_WORK ORDER_:
Only the lines below from the one that contains "પૂર્વીય કેન્દ્રીય મંત્રી" through the one that contains "梁振英日前獲增補為全國政協委" should appear in your answer, exact and without pictures.

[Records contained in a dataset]
————
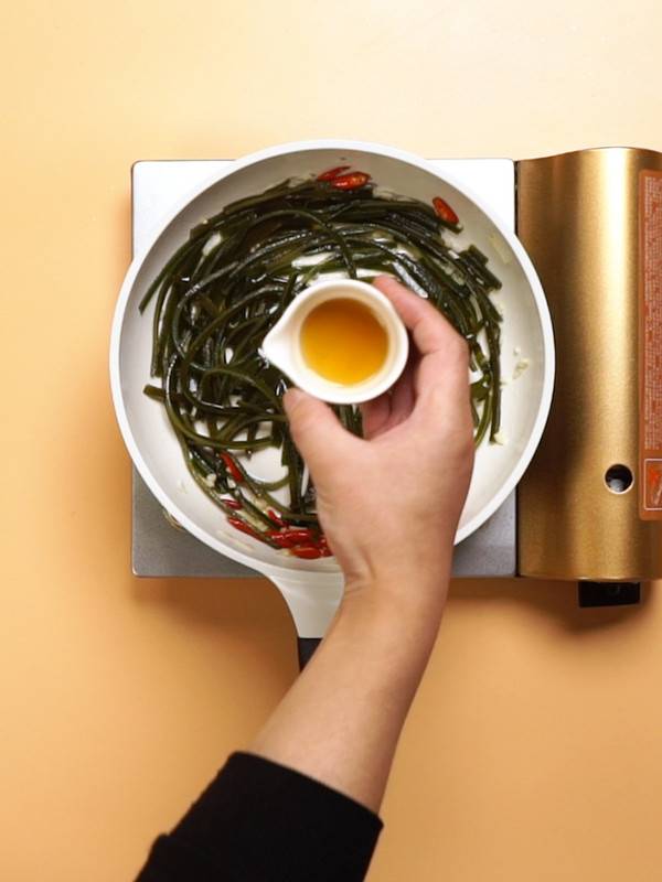最佳答案:准备材料:海带丝100克、蒜末5克、小米椒10克、清水500毫升、食用油5毫升、盐2克、鸡粉2克、香油5克。蒜末备用,小米椒切段。清水用大火煮沸。倒入海带丝,焯水两分钟。锅中倒入食用油、蒜末、小米椒,大火爆香,再倒入海带丝,翻炒均匀。最后倒入盐、鸡粉、香油,翻炒均匀即可。
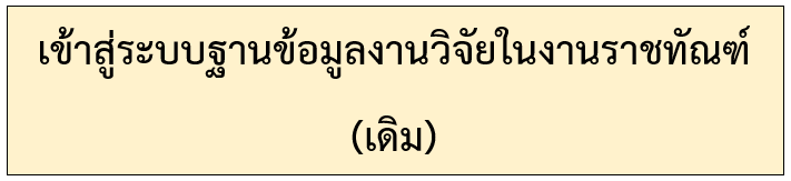 “เนื่องจากขณะนี้เว็บไซต์ฐานข้อมูลงานวิจัยในงานราชทัณฑ์อยู่ระหว่างปรับปรุงเพื่อเพิ่มประสิทธิภาพ โดยท่านยังสามารถเข้าสู่ระบบเดิมได้โดยการคลิกที่ด้านล่าง ”
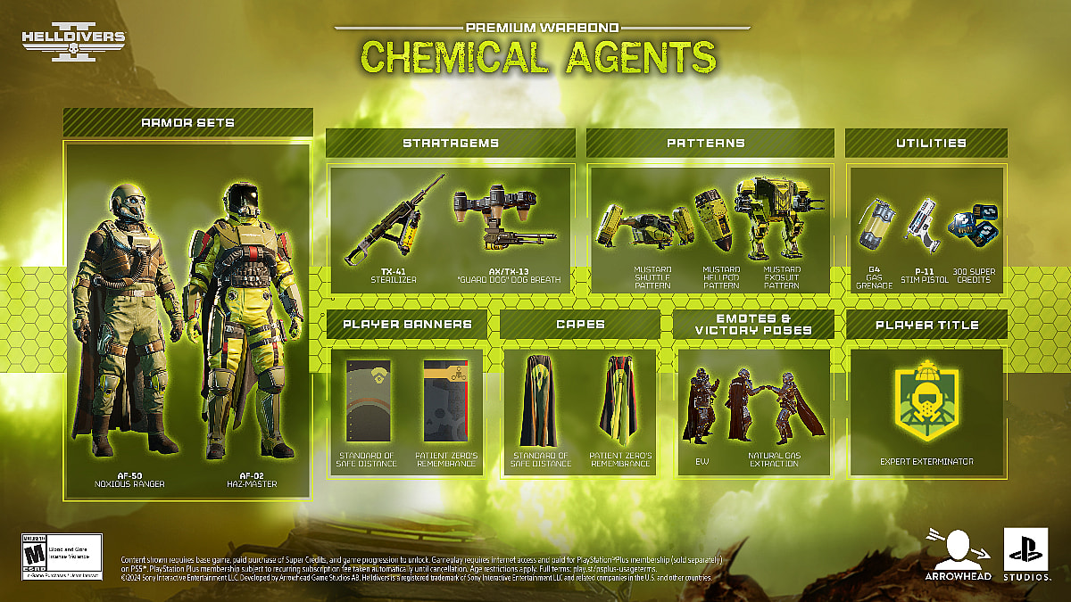 Priced at 1,000 Super Credits, for those who don’t want to spit out $10 USD to buy the required in-game currency outright, the Chemical Agents Warbond can also be unlocked through grind.
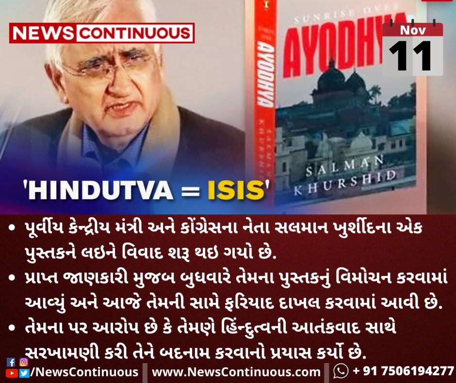 પૂર્વીય કેન્દ્રીય મંત્રી અને કોંગ્રેસના નેતા સલમાન ખુર્શીદના એક પુસ્તકને લઇને વિવાદ શરૂ થઇ ગયો છે
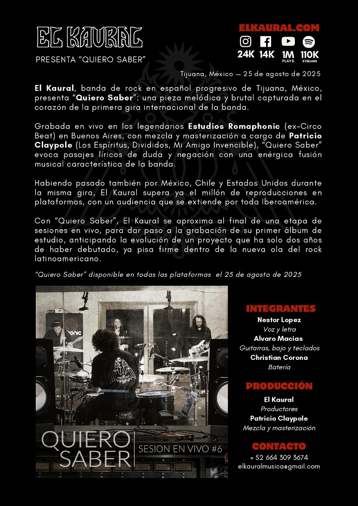 Desde México viene sonando la banda El Kaural. Llegan a Sólo Rock Uruguay de la mano de la edición de “Quiero saber”, canción que lanzaron recientemente, y a la que acompañan con un video. Compartimos, a continuación.
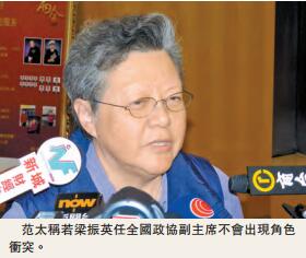 梁振英日前獲增補為全國政協委員,對於其或會晉升為全國政協副主席的消息,全國人大常委范徐麗泰回應道,若果消息屬實,不會出現角色衝突的問題,也不會影響「一國兩制」。她指,政協本身要做的是提意見,而不是做決定;而且中央做決定,也是為香港好,不會對香港不利。
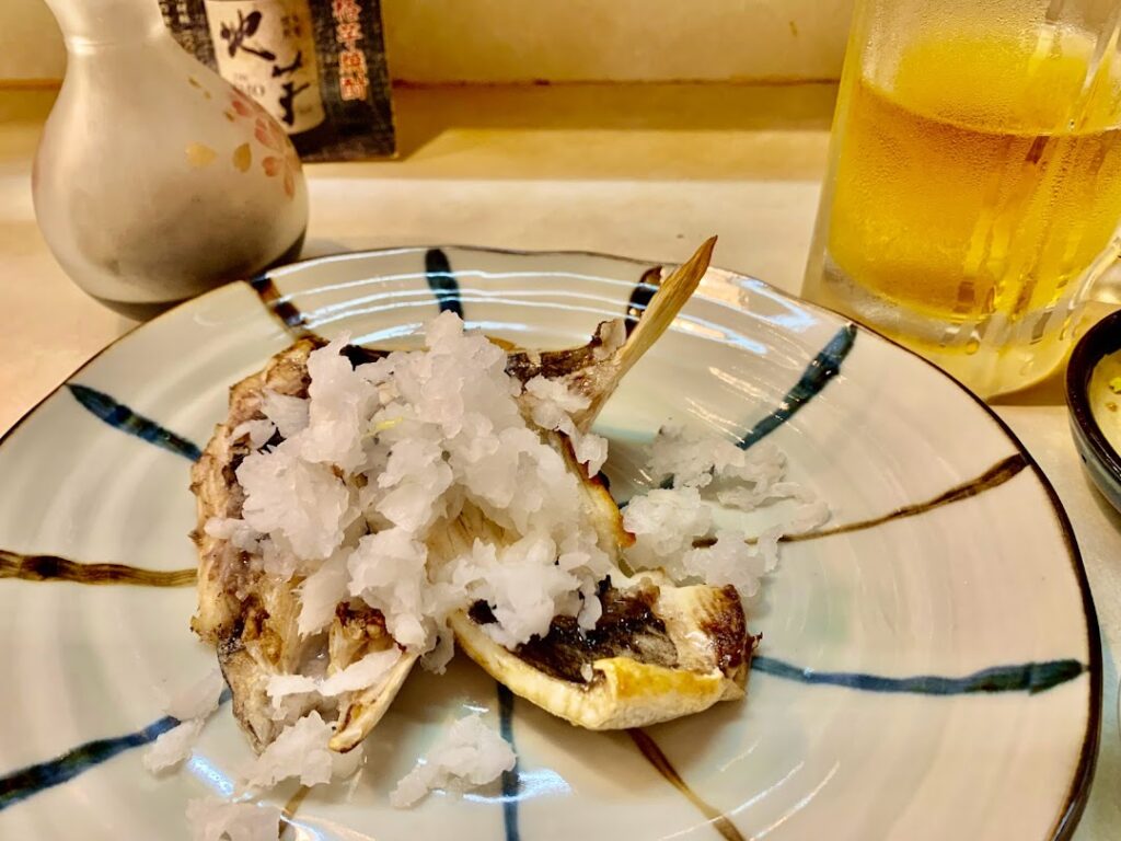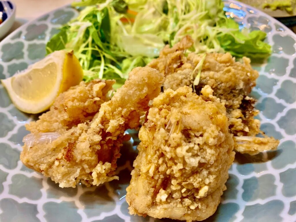 あんこうのから揚げ。食べてみると鶏のから揚げのようだが、あんこうをイメージさせるヌルっとした部分が存在し、その周りに旨味が乗っている。ここまですべて、ビールにとても良く合う逸品のオンパレードだ。
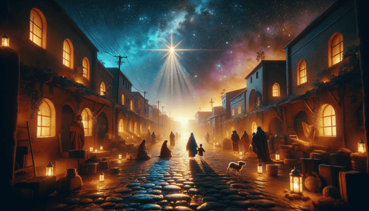 Far away, some very wise men saw a bright new star in the sky. They knew it meant something amazing had happened. They followed the star all the way to Bethlehem.
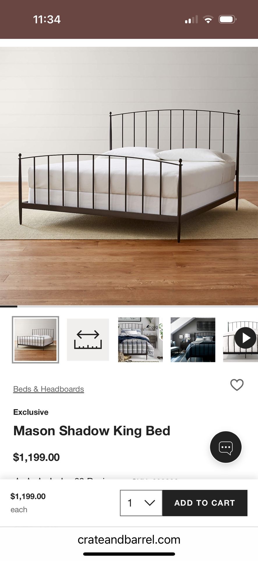 Brand New—still in box! I have 8 of these bed frames. The pictures are a current listing from the C&B website-the bed frame is currently on back order. Listed for $1199 online, I am selling for $899 -no tax, no shipping—a savings of $579! Pick up only. 54.75”H 78.5”W 82.5” -Designed by Royce Nelson -Solid iron and steel tubing with charcoal powdercoat finish -3 metal slats -Box spring required -Accommodates mattress and box spring (sold separately)
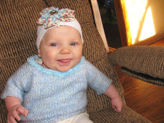 | Thanks Aunt Katrina for the BLUE! Sweater and headband!!:) |
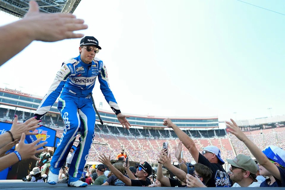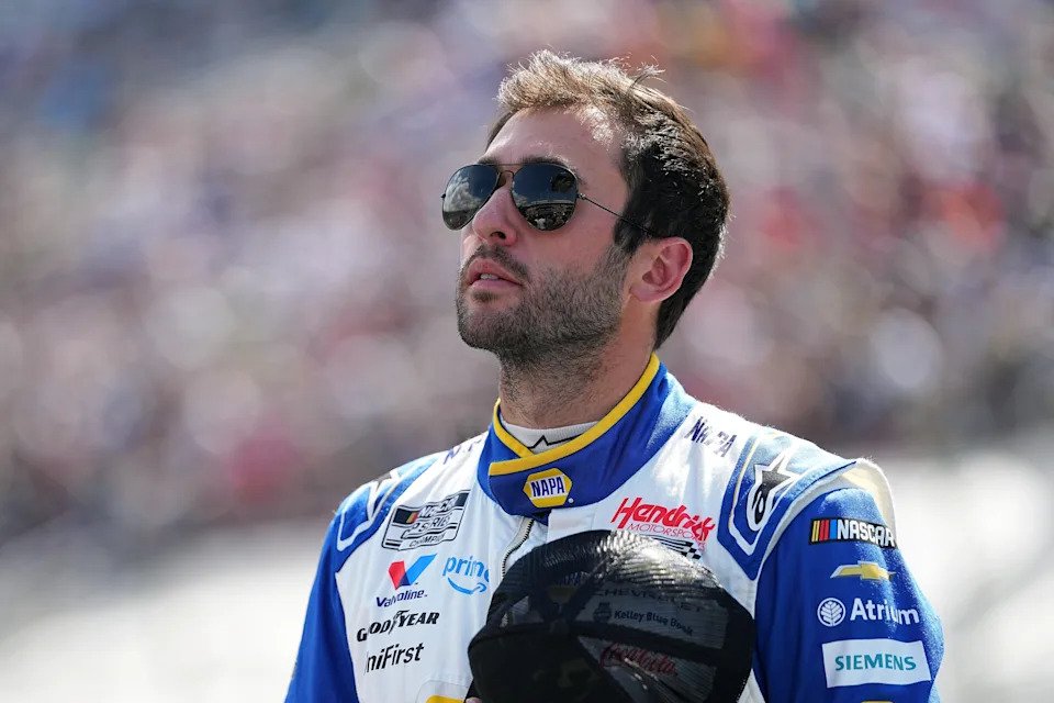 BRISTOL, TENNESSEE – APRIL 12: Chase Elliott, driver of the #9 NAPA Auto Parts Chevrolet, greets fans as he walks onstage during driver intros prior to the NASCAR Cup Series Food City 500 at Bristol Motor Speedway on April 12, 2026 in Bristol, Tennessee. (Photo by Matt Kelley/Getty Images)
————
_ANSWER SECTION_:
 પૂર્વીય કેન્દ્રીય મંત્રી અને કોંગ્રેસના નેતા સલમાન ખુર્શીદના એક પુસ્તકને લઇને વિવાદ શરૂ થઇ ગયો છે
 Desde México viene sonando la banda El Kaural. Llegan a Sólo Rock Uruguay de la mano de la edición de “Quiero saber”, canción que lanzaron recientemente, y a la que acompañan con un video. Compartimos, a continuación.
 梁振英日前獲增補為全國政協委員,對於其或會晉升為全國政協副主席的消息,全國人大常委范徐麗泰回應道,若果消息屬實,不會出現角色衝突的問題,也不會影響「一國兩制」。她指,政協本身要做的是提意見,而不是做決定;而且中央做決定,也是為香港好,不會對香港不利。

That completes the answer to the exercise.